Re: Testing Apache Beam pipelines / python SDK

Posted by Robert Bradshaw <ro...@google.com>.

If want a full end-to-end integration test of your pipeline, what you can do is:

1) Write your input data to temporary files.
2) Run your pipeline, which writes its output somewhere (ideally a
temp location as well).
3) Open up the outputs and see if it was as expected.

This is similar to the test at
https://github.com/apache/beam/blob/master/sdks/python/apache_beam/examples/wordcount_test.py
, but a bit heavy weight.

Another way to validate your pipeline is to refactor the code so the
inputs and outputs are pluggable.

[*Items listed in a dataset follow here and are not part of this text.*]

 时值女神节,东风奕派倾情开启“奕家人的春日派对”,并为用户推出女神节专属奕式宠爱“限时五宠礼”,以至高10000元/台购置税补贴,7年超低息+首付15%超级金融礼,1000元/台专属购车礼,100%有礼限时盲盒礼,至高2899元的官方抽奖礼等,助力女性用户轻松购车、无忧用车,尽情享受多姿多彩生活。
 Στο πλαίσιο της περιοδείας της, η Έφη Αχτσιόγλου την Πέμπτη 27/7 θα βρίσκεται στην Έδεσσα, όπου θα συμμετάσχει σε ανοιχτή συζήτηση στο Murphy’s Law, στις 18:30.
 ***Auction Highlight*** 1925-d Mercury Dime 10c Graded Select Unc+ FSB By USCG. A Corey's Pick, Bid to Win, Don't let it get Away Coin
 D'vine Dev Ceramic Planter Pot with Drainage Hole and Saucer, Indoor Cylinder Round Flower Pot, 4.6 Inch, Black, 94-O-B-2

For example, you could write

def run_my_pipeline(input):
   [all your pipeline logic goes here]
   [this could also be wrapped up as a PTransform]
   return result1, result2

def main(...):
  with beam.Pipeline(...) as p:
    input = p | beam.io.ReadFromText(...)
    result1, result2 = run_my_pipeline(input)
    result1 | beam.io.WriteToSomewhere(...)
    result2 | beam.io.WriteToSomewhereElse(...)

def test():
  with beam.Pipeline(...) as p:
    input = p | beam.Create(...)
    result1, result2 = run_my_pipeline(input)
    assert_that(result1, equal_to([...]))
    assert_that(result2, any_callable_that_validates_result2, label="Check2")

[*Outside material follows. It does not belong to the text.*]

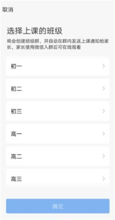 4、之后再设置要上直播课的年级段,然后再设置要上直播课的班级后点击【确定】功能。
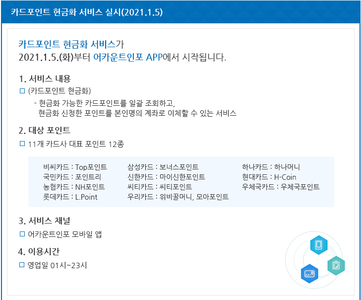 안녕하세요 티케입니다. 오늘은 카드포인트 현금화 방법 그 두번째, 어카운트 인포 앱(어플)을 이용한 카드포인트 통합조회 및 현금화(계좌입금) 방법에 대해서 알아보겠습니다. 첫번째 방법은 PC를 통해 포인트를 조회하고 현금화 하는 방법이었죠. 신용카드포인트 통합조회, 계좌이체 서비스가 시작된지 7일이 지났는데, 벌써 681만건 신청에 총 778억원이 현금화 되었다고 합니다. 하루평균 91만건, 하루 103억원이 카드포인트에서 현금으로 전환되었다는 뜻입니다. 금융위원회와 여신금융협회는 카드포인트 통합조회를 하면서 휴면계좌나 예치금 등을 현금화 하는 건수도 크게 늘었다고 밝혔습니다. 자투리 포인트나 휴면계좌를 찾아서 생활에 조금이라도 도움이 되면 좋겠습니다. 카드포인트 현금화 방법 중 어카운트인포 앱을 이용한 방법을 자세하게 알아보도록 하겠습니다.

You could also parameterize things on your sinks and sources, e.g.

def run_my_pipeline(source, sink1, sink2):
   with beam.Pipeline(...) as p:
     input = p | source
     ...
     result1 | sink1
     result2 | sinkn2

def main(...):
  run_my_pipeline(
      beam.io.ReadFromText(...),
      beam.io.WriteToSomewhere(...),
      beam.io.WriteToSomewhereElse(...))

def test():

  class Check(beam.PTransform):
    def __init__(checker):
      self._checker = checker
    def expand(pcoll):
      assert_that(pcoll, self._checker)

  run_my_pipeline(
      beam.Create([...]),
      Check1(equal_to([...])),
      Check2(any_callable_that_validates_result2))

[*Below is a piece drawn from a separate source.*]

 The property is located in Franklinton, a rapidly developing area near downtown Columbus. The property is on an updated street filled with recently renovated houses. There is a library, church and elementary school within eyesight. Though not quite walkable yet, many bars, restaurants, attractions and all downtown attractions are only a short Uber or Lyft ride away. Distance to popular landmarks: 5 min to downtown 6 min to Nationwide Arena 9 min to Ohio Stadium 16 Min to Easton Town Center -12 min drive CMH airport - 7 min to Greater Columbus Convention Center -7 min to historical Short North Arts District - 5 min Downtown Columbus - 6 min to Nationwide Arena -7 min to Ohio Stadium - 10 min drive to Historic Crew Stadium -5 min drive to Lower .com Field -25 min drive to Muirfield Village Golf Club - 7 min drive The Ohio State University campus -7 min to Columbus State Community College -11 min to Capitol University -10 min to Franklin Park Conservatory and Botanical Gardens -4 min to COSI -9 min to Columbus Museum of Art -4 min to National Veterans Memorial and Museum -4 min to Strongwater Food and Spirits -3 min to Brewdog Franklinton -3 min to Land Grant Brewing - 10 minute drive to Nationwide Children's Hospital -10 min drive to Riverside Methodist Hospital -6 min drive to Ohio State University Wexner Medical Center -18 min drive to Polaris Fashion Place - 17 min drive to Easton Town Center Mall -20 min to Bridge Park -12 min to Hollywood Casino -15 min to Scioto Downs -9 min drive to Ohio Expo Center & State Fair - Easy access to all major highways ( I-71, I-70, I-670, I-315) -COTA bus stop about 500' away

or various permutations thereof.

Is that more what you're looking for?



On Fri, Jul 17, 2020 at 2:46 PM Sofia’s World <mm...@gmail.com> wrote:
>
> Hello Robert
>  thanks but i think i am either missing the point or not expressing clearly my goal.
> I had a look at the util_test.py, and i see that in those tests pipelines are being created as part of tests., and  in these tests what are being tested are beam functions - eg beam.Map  etc.
> I am after testing a pipeline as a whole. Taking this example,
>
> p = beam.Pipeline(options=pipeline_options)
> lines = (p
>          | 'Get List of Tickers' >> ReadFromText(input_file)
>          | 'Split fields'  >> beam.Map(split_fields)
>          | 'Map to String' >> beam.Map(add_year)
>
> what i am trying to do is to test a full pipeline run, like in the test example below
>
> from mypackage.email_pipeline import run
>
> @patch('testing.email_pipeline.ReadFromText')
> def test_create_pipelne(self, mock_read_from_text):
>     mock_read_from_text.return_value = ['One',
>                                         'Two',
>                                         'Three']
>
>     test_pipeline = TestPipeline(is_integration_test=True)
>     pipeline_verifiers = [
>         PipelineStateMatcher(),
>     ]
>     extra_opts = {
>         'input_table': 'testtable',
>         'num_records': 1,
>         'beam_bq_source': 'source',
>         'on_success_matcher': all_of(*pipeline_verifiers)
>     }
>     result = run(
>                     test_pipeline.get_full_options_as_args(**extra_opts))
>
>     print(result)
>
> Basically, i would expect a PCollection as result of the pipeline, and i would be testing the content of the PCollection
>
> Running this results in this messsage
>
> IT is skipped because --test-pipeline-options is not specified
>
> Would you be able to advise on this?
>
> kind regards
>
>  Marco
>
>
>
>
>
>
>
>
>
>
>
>
> On Mon, Jul 13, 2020 at 10:43 PM Robert Bradshaw <ro...@google.com> wrote:
>>
>> You can use apache_beam.testing.util.assert_that to write tests of
>> Beam pipelines. This is what Beam uses for its tests, e.g.
>>
>> https://github.com/apache/beam/blob/master/sdks/python/apache_beam/transforms/util_test.py#L80
>>
>> On Mon, Jul 13, 2020 at 2:36 PM Sofia’s World <mm...@gmail.com> wrote:
>> >
>> > Hi all
>> >  i was wondering if anyone could provide pointers on how  to test a pipeline in python.
>> > I have the following pipeline
>> >
>> > lines = (p
>> >          | 'Get List of Tickers' >> beam.Map(get_tickers)
>> >          | 'Split fields'  >> beam.Map(split_fields)
>> >          | 'Map to String' >> beam.Map(add_year)
>> >          )
>> > result = p.run()
>> >
>> > Now i can easily test each individual function for each step (get_tickers, split_fields, add_year)
>> >
>> > but is there a way to test the pipeline 'as a whole' ?#
>> >
>> > Could anyone point me to some examples?
>> >
>> > kind regards
>> >
>> >
>> >
>> >
>> >

Re: Testing Apache Beam pipelines / python SDK

Posted by Sofia’s World <mm...@gmail.com>.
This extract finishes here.